Impedance mismatch inside vias—or the transitions between boards—must remain consistent; differential impedance of pairs carrying data must be 100 ohms +/- 10% according the IEEE 802.3 standard. This is a critical design detail, as impedance discontinuities along the signal path create partial signal reflections and ringing, resulting in degradation of attenuation and return loss parameters. However, inside the via of VPX connectors, both at the module connector and the backplane connector, differential impedance is generally much lower and runs in the range of 80 ohms and below.

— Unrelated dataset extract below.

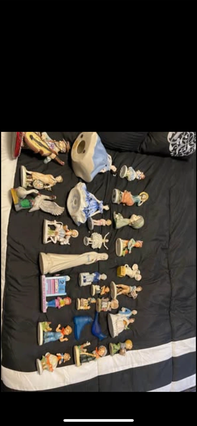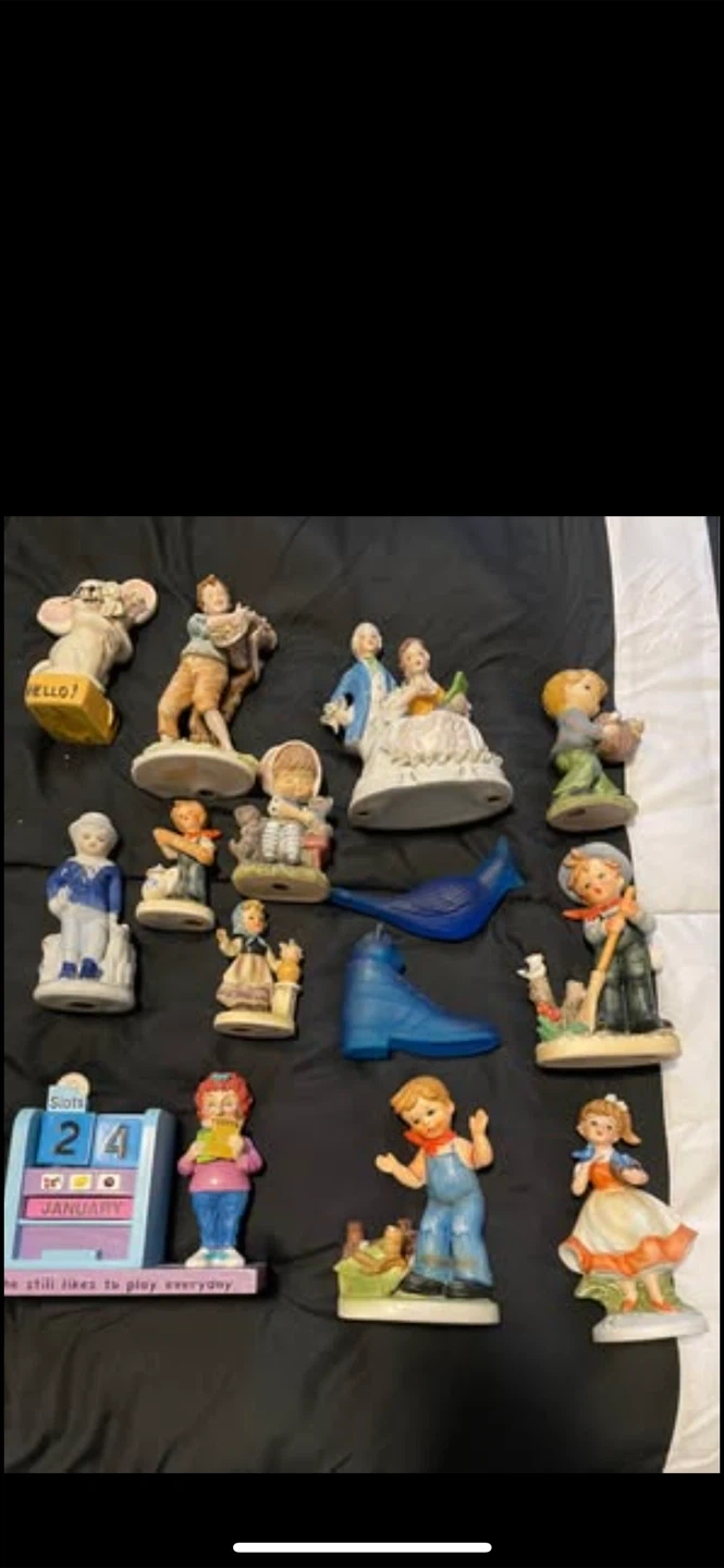 A charming assortment of ceramic figurines, featuring various characters and scenes. This collection includes detailed pieces like a musician, dancers, and everyday figures. They're great for display or adding a decorative touch to any shelf. 28 various items and sizes

Good signal design practices will also focus on managing crosstalk, PCB losses and length mismatch. Appropriate gaps and reference planes manage crosstalk, and the right PCB materials help avoid high attenuation that could lead to high Inter Symbol Interference (ISI), a phenomenon defined as distortion due to differing attenuation of bit sequences. Most protocols do not require a precise differential pair length adjustment. However, the plus and minus components of the pair should be the same. Length mismatch directly impacts the eye width, and accordingly, the bit error rate, and requires greater compensation when it occurs inside the connector itself.

Proving Performance for Industrial Embedded Applications

Connected embedded systems must frequently be designed to withstand the toughest environmental conditions: extended temperature ranges (-40° to +85°C), humidity, vibrations and power fluctuations. Even heat build-up and energy absorption have to stay within narrow ranges, for example in remote deployments or harsh manufacturing settings, where only passive cooling technologies are permitted. Rugged VPX fits the bill; it supports PCIe 3.0’s high-speed connections in harsh environments, and VXFabric readily bridges the gap between this disruptive technology and currently deployed applications exchanging data on gigabit Ethernet. Further, TCP/IP applications run unmodified on proven, ruggedized VPX platforms, protecting software investments over long-term deployments.

10 Gbit/s baud rates are starting to be deployed over the VPX infrastructure, which allows standard protocols such as Ethernet and PCIe to run at scalable speeds defined by the number of lanes forming a port. Carrying multi-gigahertz signals, VPX connectors and backplanes are enabling systems where boards no longer share available bandwidth and are capable of one or more dedicated 10 Gigabit connections via Ethernet or PCIe. Processing rates are backward compatible with speeds of the previous generation protocol, and can be activated only where necessary in the critical portion of the data path. The CPU to I/O ratio is kept in the same range as non-embedded computer equipment, based on cost-effective, standard software architectures. Proven with reference systems and defense electronics deployments, this combination of technologies provides significant opportunity and advantage for designers—supporting innovation and allowing access to a new breed of applications for high-performance data processing platforms.